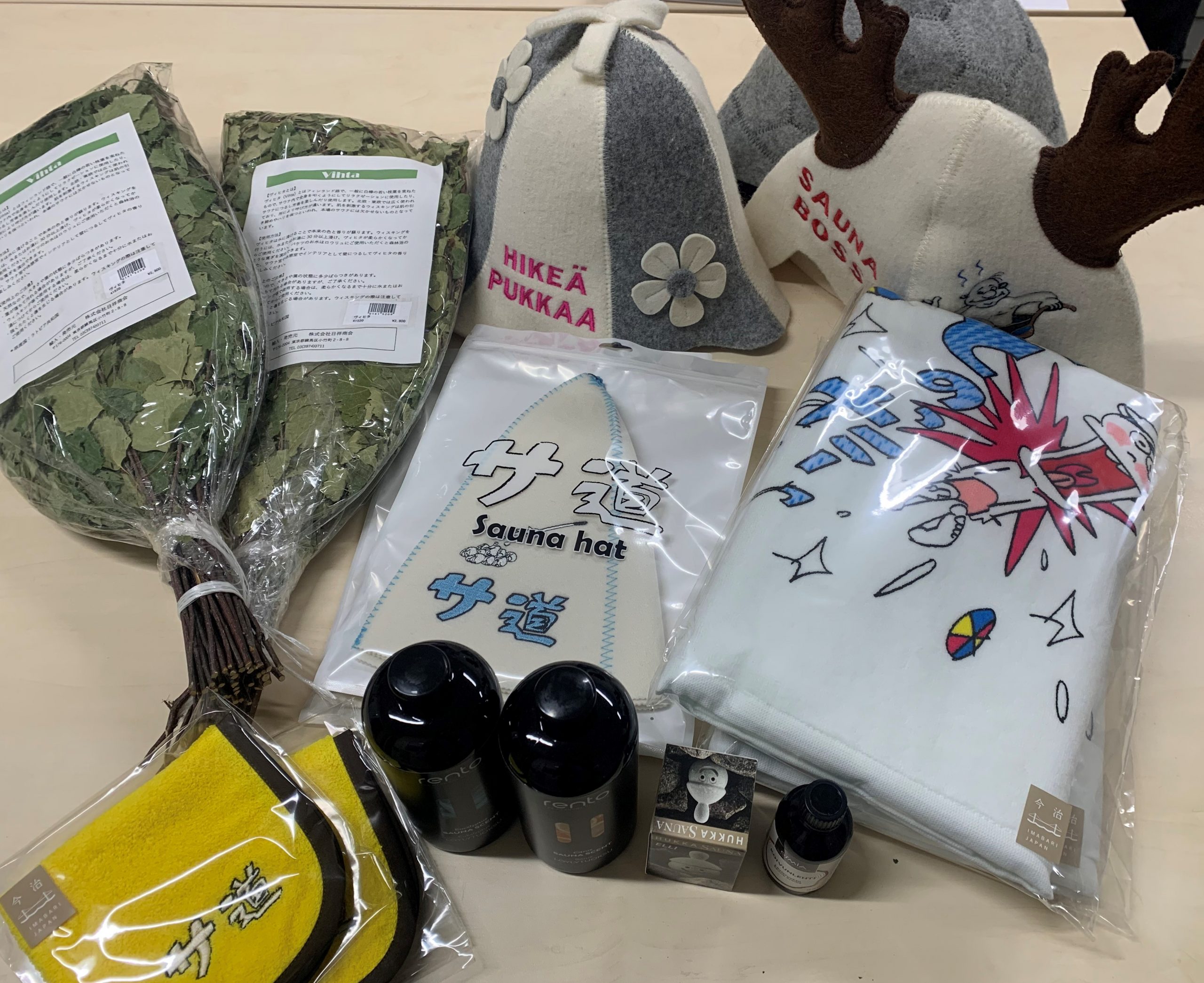 「サ道」のグッズやフィンランド製サウナハット、アロマオイル、ヴィヒタなど多数ご用意しました。
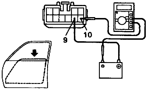 b. Connect the positive (+) lead from the ammeter to terminal 9 on the wire harness side connector and the negative (-) lead to the negative terminal of the battery.
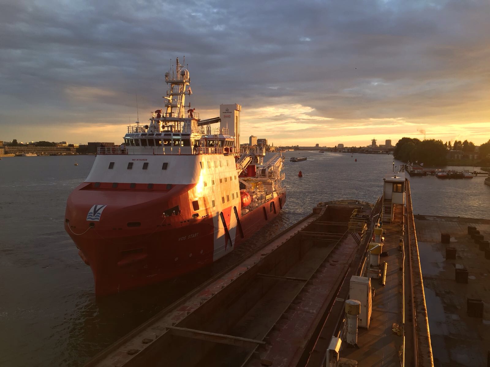 The 80m VOS Start – Vroon’s first DP2, subsea-support, walk-to-work vessel – arrived at Oranjewerf on 1 June from her build yard in China for the installation of a motion-compensated gangway system by Barge Master and Bosch Rexroth, the extended installation of a Kongsberg reference system (including a ‘windfarm module’), and an active heave-compensated crane from SMST.
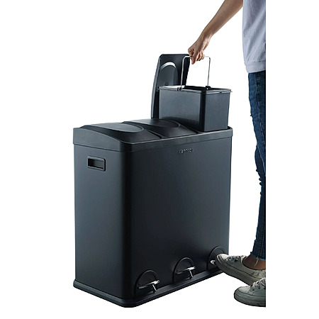 16-Gal Step N' Sort 3-Compartment Stainless Steel Kitchen Trash & Recycling Bin (Black or Silver) $30 + Free Shipping
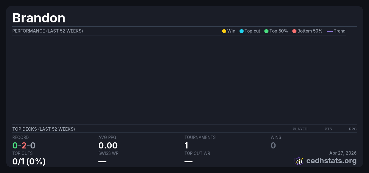 | weekly magic Apr 03, 2026 · 16 players | 11/16 | 0-2-0 | 0.00 | — |
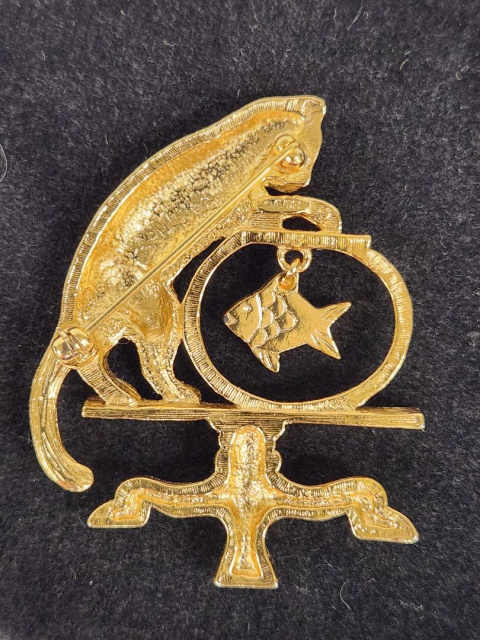 Vintage 1994 Avon cat with fishbowl brooch. Fish dangles.
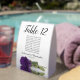 These tent table number signs are not only beautiful, they even include a list of names for the guests at each table, making it easy for your guests to find their seat at your wedding reception. The design is both elegant and romantic featuring a single royal purple colored rose lying on its side reflecting in water with waves and ripples. The title is in lacy script calligraphy with bold numbers so your guests can easily find the right table. There is room for the names of the couple and the wedding date.
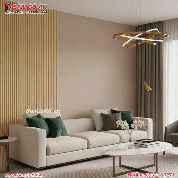 Ốp tường phòng khách sang trọng với lam sóng C2005-901 vân gỗ vàng nhạt
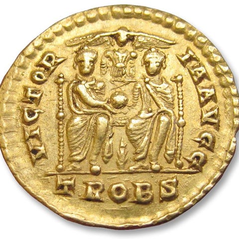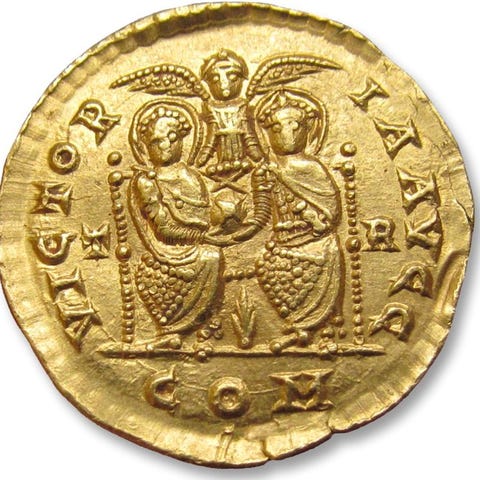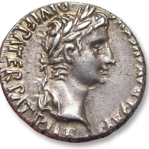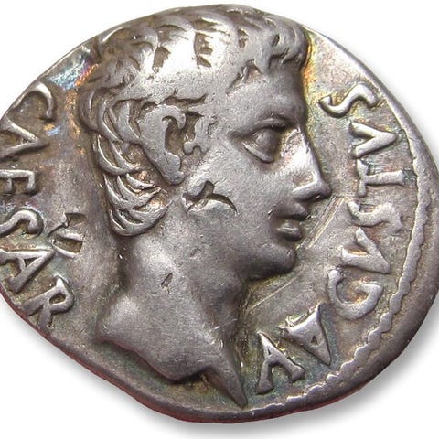 Reverse: ABVNDANTIA AVG, Abundantia står til højre, tømmer frugter ud af hornkøen.
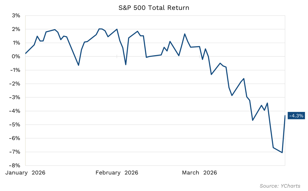 By the end of the first quarter, the S&P 500 had retreated 7% from its January 12th peak, while the Nasdaq officially entered correction territory with a decline exceeding 10%. A late March bounce brought the year-to-date decline in the S&P to 3.5%. International equities also softened, though they maintained their relative lead over U.S. markets.
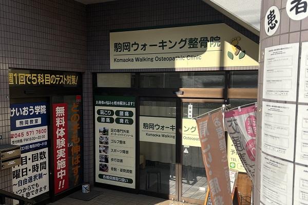 綱島からトレッサ方面へ向かい、トレッサ横浜を過ぎた環2駒岡交差点の少し手前にある整骨院。
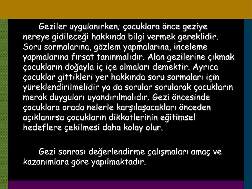 Geziler uygulanırken; çocuklara önce geziye nereye gidileceği hakkında bilgi vermek gereklidir. Soru sormalarına, gözlem yapmalarına, inceleme yapmalarına fırsat tanınmalıdır. Alan gezilerine çıkmak çocukların doğayla iç içe olmaları demektir. Ayrıca çocuklar gittikleri yer hakkında soru sormaları için yüreklendirilmelidir ya da sorular sorularak çocukların merak duyguları uyandırılmalıdır. Gezi öncesinde çocuklara orada nelerle karşılaşacakları önceden açıklanırsa çocukların dikkatlerinin eğitimsel hedeflere çekilmesi daha kolay olur. Gezi sonrası değerlendirme çalışmaları amaç ve kazanımlara göre yapılmaktadır.
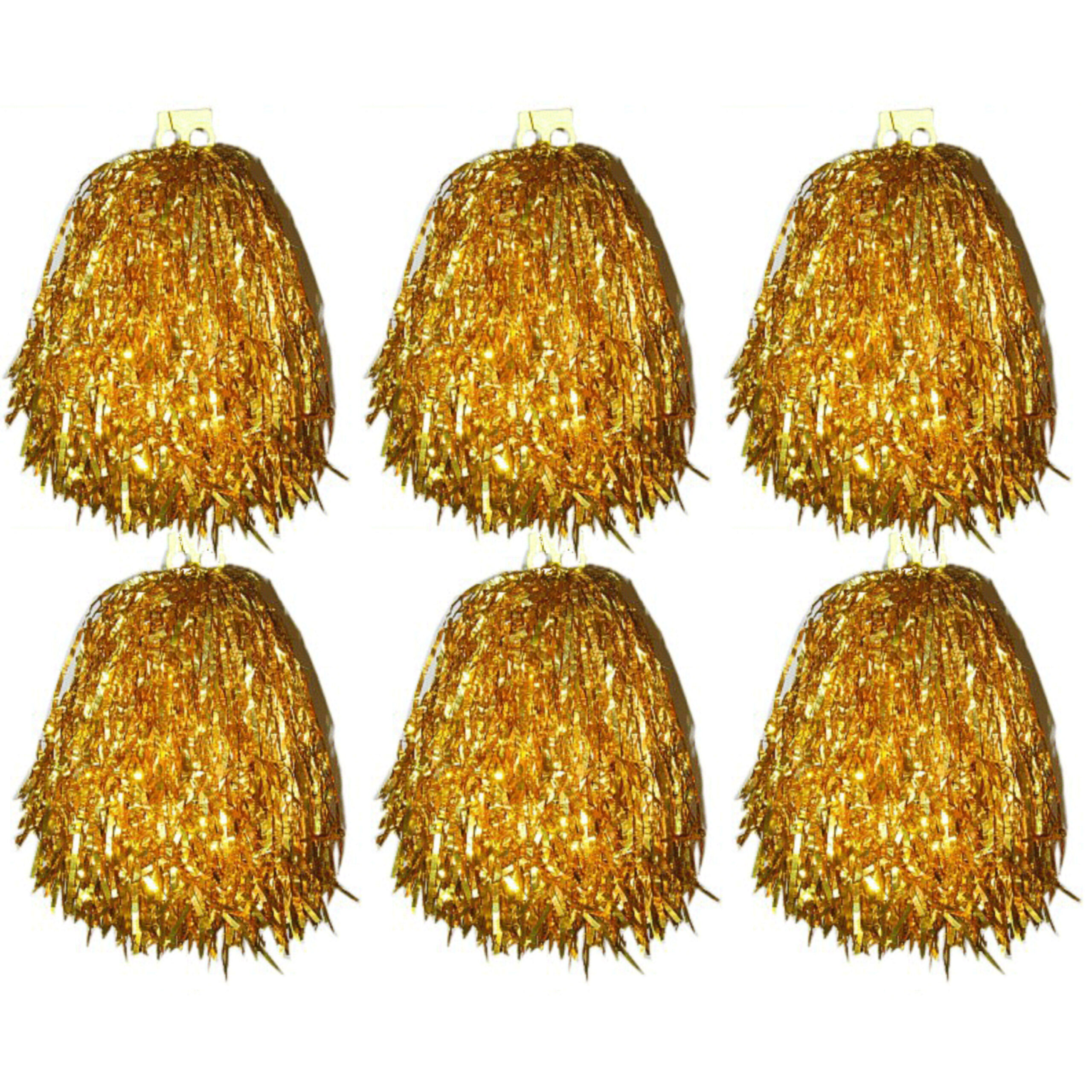 6x Stuks Cheerball/pompom in het goud voor cheerleaders. Lengte: ca. 33 cm. Materiaal: kunststof/folie. Gewicht: ca. 80 gram. Handvat: dubbele ringgreep. Carnaval verkleedkleding accessoires.

_What the task asks_
Exactly as they appear, transcribe the lines from the top of the material above through the line with "16-Gal Step N'". Omit any picture.

_Answer to this exercise_
 「サ道」のグッズやフィンランド製サウナハット、アロマオイル、ヴィヒタなど多数ご用意しました。
 b. Connect the positive (+) lead from the ammeter to terminal 9 on the wire harness side connector and the negative (-) lead to the negative terminal of the battery.
 The 80m VOS Start – Vroon’s first DP2, subsea-support, walk-to-work vessel – arrived at Oranjewerf on 1 June from her build yard in China for the installation of a motion-compensated gangway system by Barge Master and Bosch Rexroth, the extended installation of a Kongsberg reference system (including a ‘windfarm module’), and an active heave-compensated crane from SMST.
 16-Gal Step N' Sort 3-Compartment Stainless Steel Kitchen Trash & Recycling Bin (Black or Silver) $30 + Free Shipping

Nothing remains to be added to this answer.